### Exercise requirements
Leave every picture out, and give again exactly the lines from the one containing "1966 Topps #299 Lew Burdette Front Thumbnail" through the end of the listing.

### Data
▶

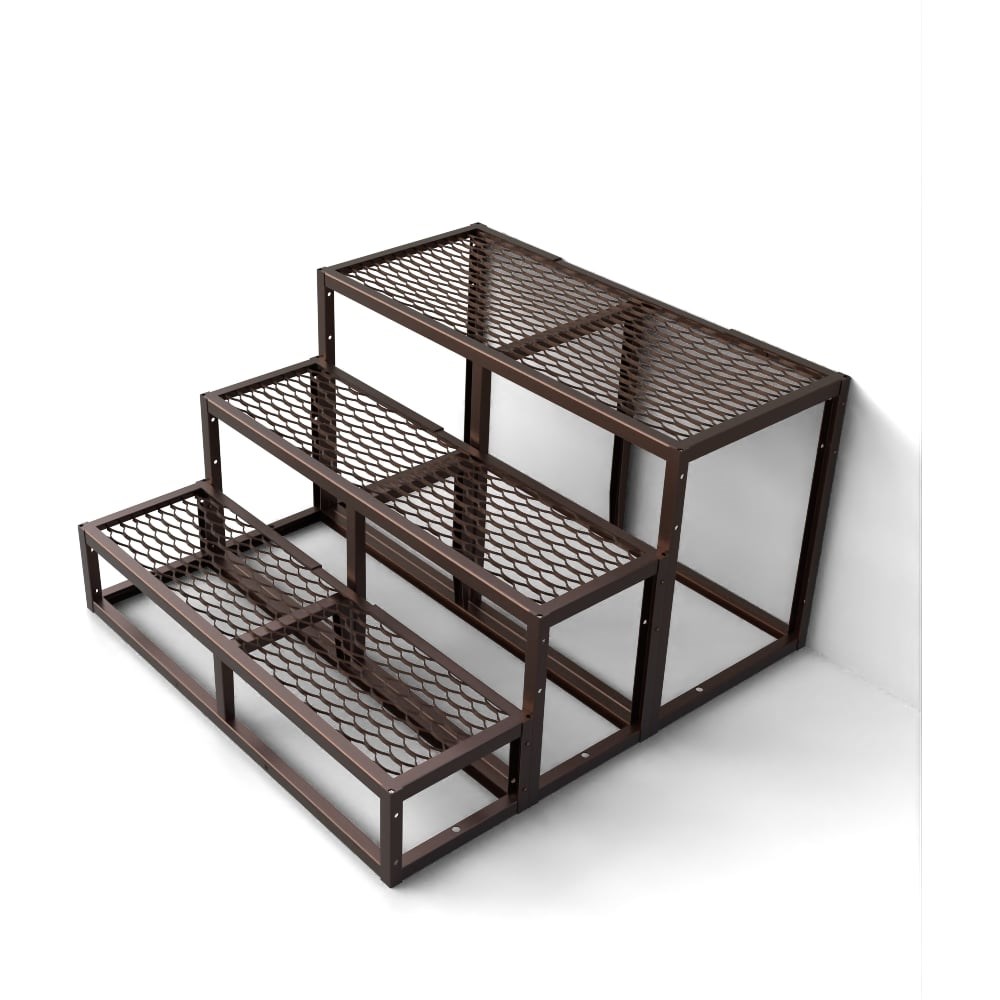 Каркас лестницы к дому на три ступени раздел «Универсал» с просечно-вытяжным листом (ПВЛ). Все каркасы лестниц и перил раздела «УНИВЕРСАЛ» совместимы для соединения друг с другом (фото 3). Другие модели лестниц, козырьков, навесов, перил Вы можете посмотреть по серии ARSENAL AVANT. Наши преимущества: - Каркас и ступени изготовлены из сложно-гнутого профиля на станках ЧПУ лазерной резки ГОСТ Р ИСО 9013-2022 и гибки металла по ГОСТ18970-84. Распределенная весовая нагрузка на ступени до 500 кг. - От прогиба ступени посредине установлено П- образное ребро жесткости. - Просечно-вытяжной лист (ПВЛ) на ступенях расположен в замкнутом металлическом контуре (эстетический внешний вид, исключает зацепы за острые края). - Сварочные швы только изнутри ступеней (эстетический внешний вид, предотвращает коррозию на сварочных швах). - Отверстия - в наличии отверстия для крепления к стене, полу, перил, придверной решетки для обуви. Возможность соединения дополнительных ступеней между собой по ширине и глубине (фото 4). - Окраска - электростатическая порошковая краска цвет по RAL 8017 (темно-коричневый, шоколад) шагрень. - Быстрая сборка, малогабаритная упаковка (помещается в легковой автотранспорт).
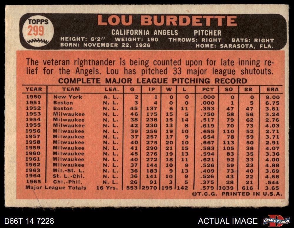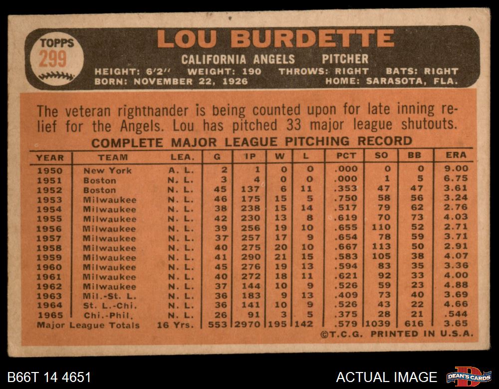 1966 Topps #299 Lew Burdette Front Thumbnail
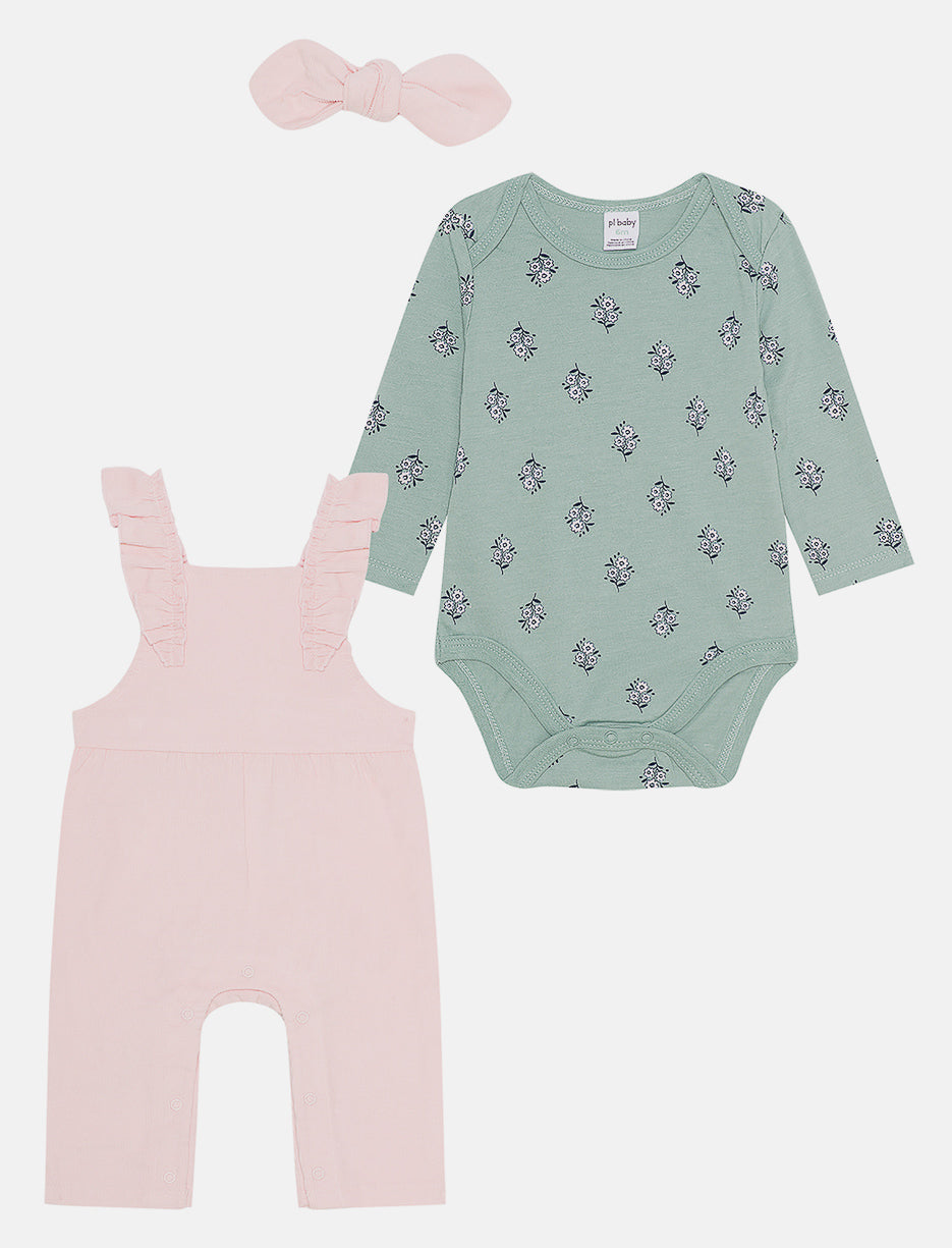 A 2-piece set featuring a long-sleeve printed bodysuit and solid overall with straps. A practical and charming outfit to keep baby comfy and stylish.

◀

### Result
 1966 Topps #299 Lew Burdette Front Thumbnail
 A 2-piece set featuring a long-sleeve printed bodysuit and solid overall with straps. A practical and charming outfit to keep baby comfy and stylish.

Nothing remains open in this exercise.